### The problem:
Could you give the records below again exactly, without the pictures?

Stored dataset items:

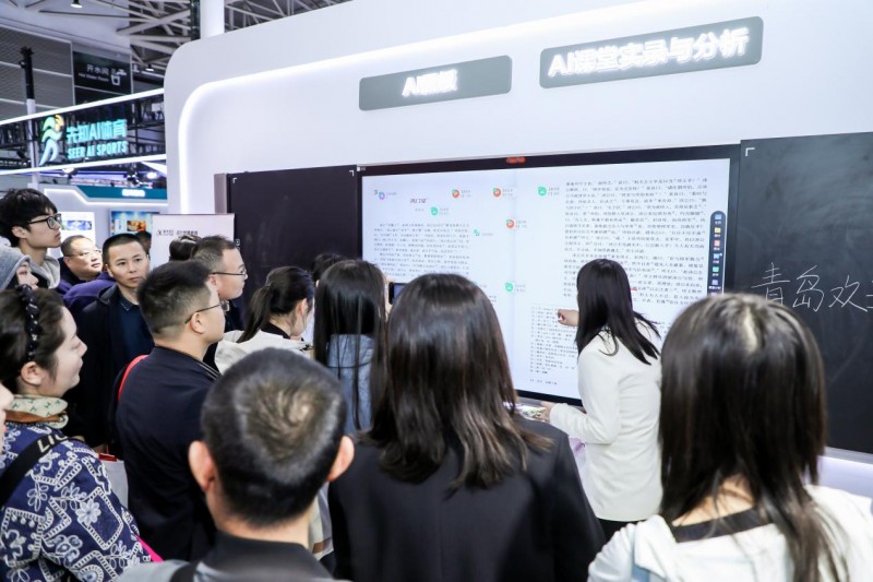 展区内,科大讯飞新一代AI黑板吸引了大量教育工作者的关注。它通过护眼技术与沉浸声场保障学生视听健康,让教室各位置均能清晰观看与聆听;构建了以语音为核心、融合触控与视觉的全自然人机交互体系,教师“一句话”即可调用资源、生成内容,极大提升教学效率。
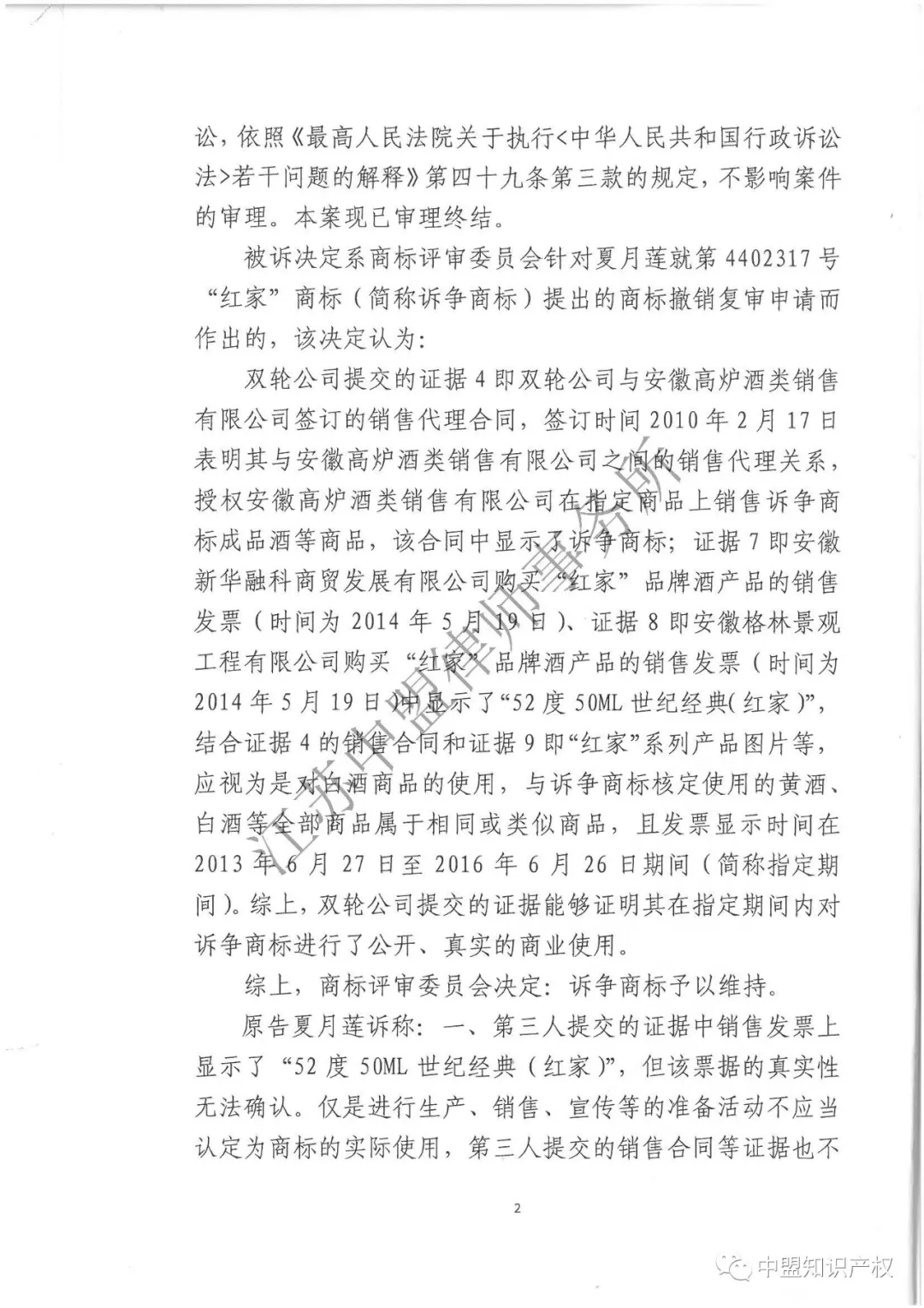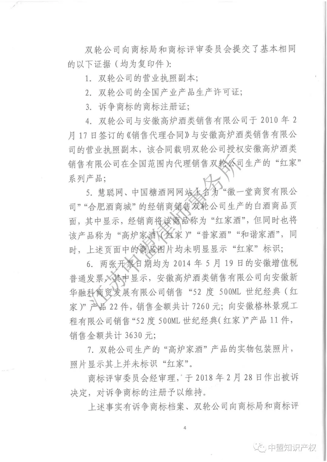 2、向法院提出安徽雙輪酒業(yè)公司名下無任何“紅家”商標(biāo)標(biāo)識(shí)的使用證據(jù)存在,已提供的證據(jù),不足以證明其“紅家”商標(biāo)的實(shí)際使用,僅僅能證明“高爐家”商標(biāo)品牌的實(shí)際使用。
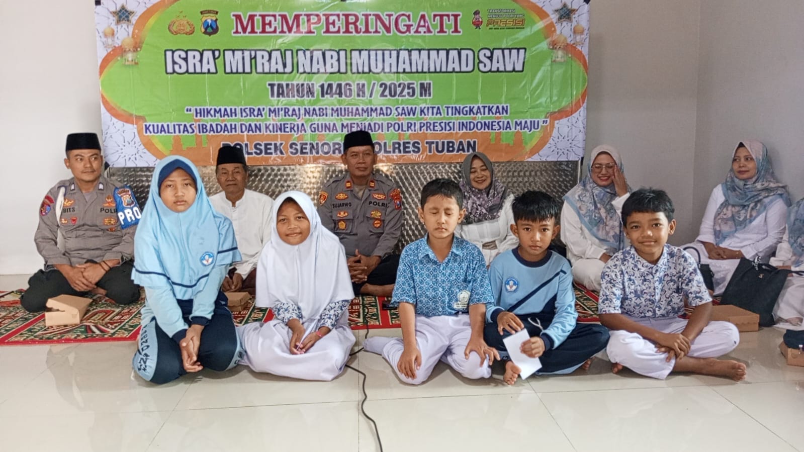 Senori – Kepolisian Sektor (Polsek) Senori Polres Tuban Polda Jawa Timur yang dipimpin oleh Kapolsek Senori Iptu Sudjarwo, S.H., melaksanakan kegiatan peringatan Isra Mi’raj Nabi Muhammad SAW tahun 2025 M / 1446 H di Mushola Al Ikhlas Mapolsek Senori, Kamis (30/1/2025).
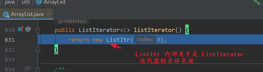 ArrayList 集合的 listIterator 方法的具体实现源码解读:
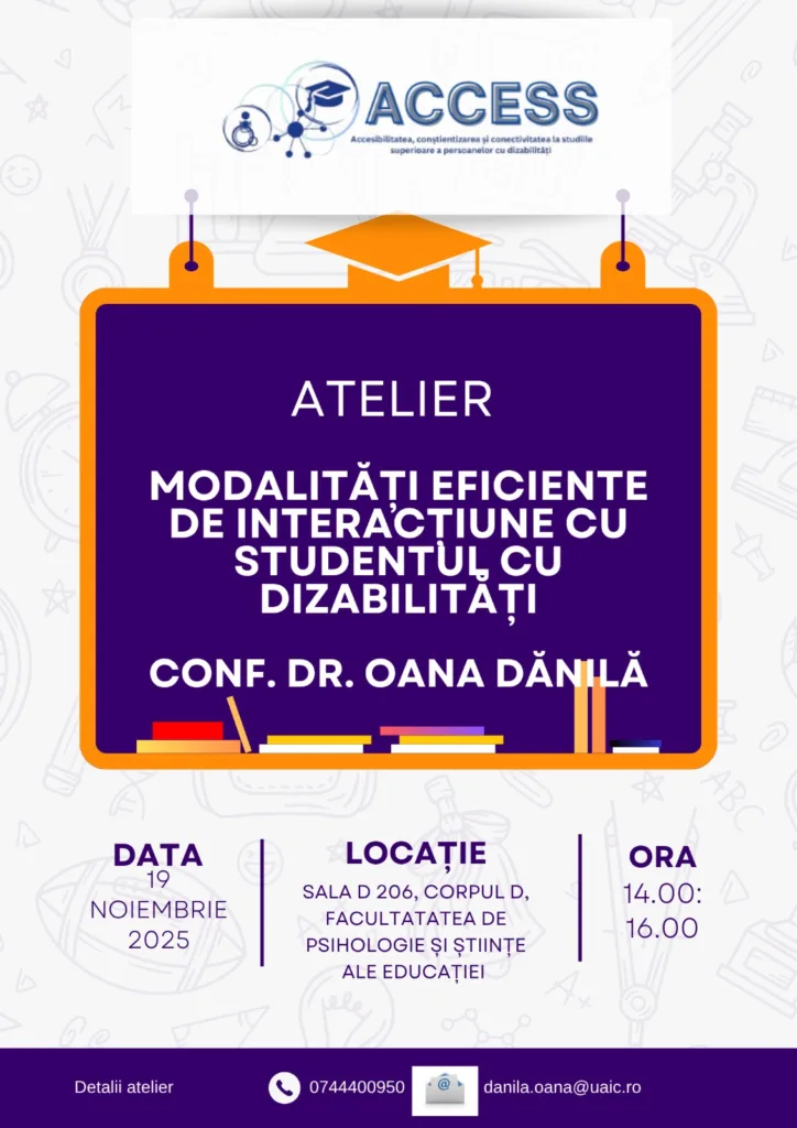 Avem plăcerea de a vă invita să participați la atelierul de formare intitulat „Modalități eficiente de interacțiune cu studentul cu dizabilități”, organizat în cadrul proiectului ACCESS- CNFIS-FDI-2025-F-0449.

### Answer to the exercise:
 展区内,科大讯飞新一代AI黑板吸引了大量教育工作者的关注。它通过护眼技术与沉浸声场保障学生视听健康,让教室各位置均能清晰观看与聆听;构建了以语音为核心、融合触控与视觉的全自然人机交互体系,教师“一句话”即可调用资源、生成内容,极大提升教学效率。
 2、向法院提出安徽雙輪酒業(yè)公司名下無任何“紅家”商標(biāo)標(biāo)識(shí)的使用證據(jù)存在,已提供的證據(jù),不足以證明其“紅家”商標(biāo)的實(shí)際使用,僅僅能證明“高爐家”商標(biāo)品牌的實(shí)際使用。
 Senori – Kepolisian Sektor (Polsek) Senori Polres Tuban Polda Jawa Timur yang dipimpin oleh Kapolsek Senori Iptu Sudjarwo, S.H., melaksanakan kegiatan peringatan Isra Mi’raj Nabi Muhammad SAW tahun 2025 M / 1446 H di Mushola Al Ikhlas Mapolsek Senori, Kamis (30/1/2025).
 ArrayList 集合的 listIterator 方法的具体实现源码解读:
 Avem plăcerea de a vă invita să participați la atelierul de formare intitulat „Modalități eficiente de interacțiune cu studentul cu dizabilități”, organizat în cadrul proiectului ACCESS- CNFIS-FDI-2025-F-0449.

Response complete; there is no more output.